Malam itu, malam yang tidak akan kulupakan. Aku tidak perlu membaca buku selama lima belas menit untuk tertidur pulas. Hanya perlu barang kali lima menit, mendengarkan suaramu dan membayangkan wajahmu, ya walaupun kau tidak tampan laksana dewa Yunani. Keajaiban lagi-lagi kau munculkan.
***
Ketika aku menulis cerita ini, seyakin-yakinnya, bahwa kisah cinta itu telah basi untuk diungkit. Aku telah patah hati. Tak dinyana, kau telah memutus aku. Laki-laki yang pandai menulis itu pemarah dan pencemburu yang ulung. Ekspresi yang muncul sungguh dramatis seperti puisi-puisi kesedihan. Seenak jidat ia memutus hubungan begitu mudah. Perempuan manapun kujamin pasti patah hatinya. Ini patah hati yang lebih menyakitkan dari apapun. A-pa-pun. Aku tiba-tiba kehilangan kata-kata untuk menjelaskannya.
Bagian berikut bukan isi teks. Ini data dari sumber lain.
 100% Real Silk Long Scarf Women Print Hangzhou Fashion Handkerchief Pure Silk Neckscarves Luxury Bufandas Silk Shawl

“Aku tidak menyukaimu lagi. Mari, akhiri hubungan ini,” titahmu dengan wajah dingin seperti sebongkah salju menutupi wajahmu yang tidak ada tampan-tampannya itu.
“Apa kau bilang, cepat sekali hatimu berubah-ubah?” Setelahnya aku terbatuk, seraya membersihkan tenggorokan.
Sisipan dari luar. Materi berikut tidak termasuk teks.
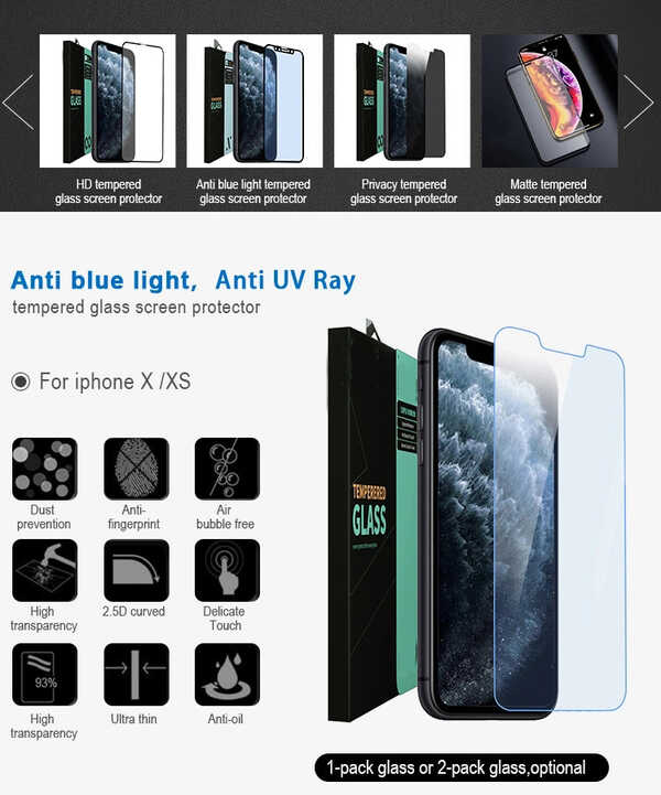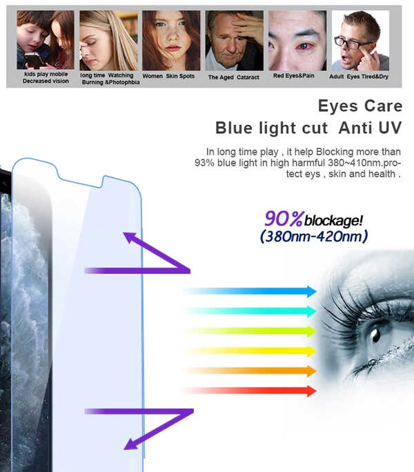 Filtro luce blu: tecnologia di filtraggio della luce blu di alta qualità, che rimuove la luce blu dello schermo del telefono per aiutare ad alleviare gli occhi da affaticamento e stanchezza. Mantiene i tuoi occhi più sani fissando lo schermo per lunghi periodi di tempo.

“Sudahlah. Jangan banyak bertanya. Kita akhiri,” kau segera pergi meninggalkan aku. Kulihat perawakanmu dari belakang, punggungmu seketika lenyap dari rona mataku.
***
Malam ini, setelah membaca cerita pendek milik teman kuliahku. Teman? Ah, sebenarnya, aku tidak terlalu mengenalnya, hanya sepintas lalu. Ia cukup terkenal dan diidolakan adik tingkat. Seorang laki-laki yang cerita pendek dan puisinya telah malang melintang di koran-koran daerah dan luar kota. Ceritanya sangat menyedihkan, sebuah rasa patah hati yang diterjemahkan oleh kata-kata hingga terbawa dalam tidur, aku rupa-rupanya bermimpi menjadi kekasihnya. Lalu berakhir dengan rasa patah hati yang lebih menyakitkan.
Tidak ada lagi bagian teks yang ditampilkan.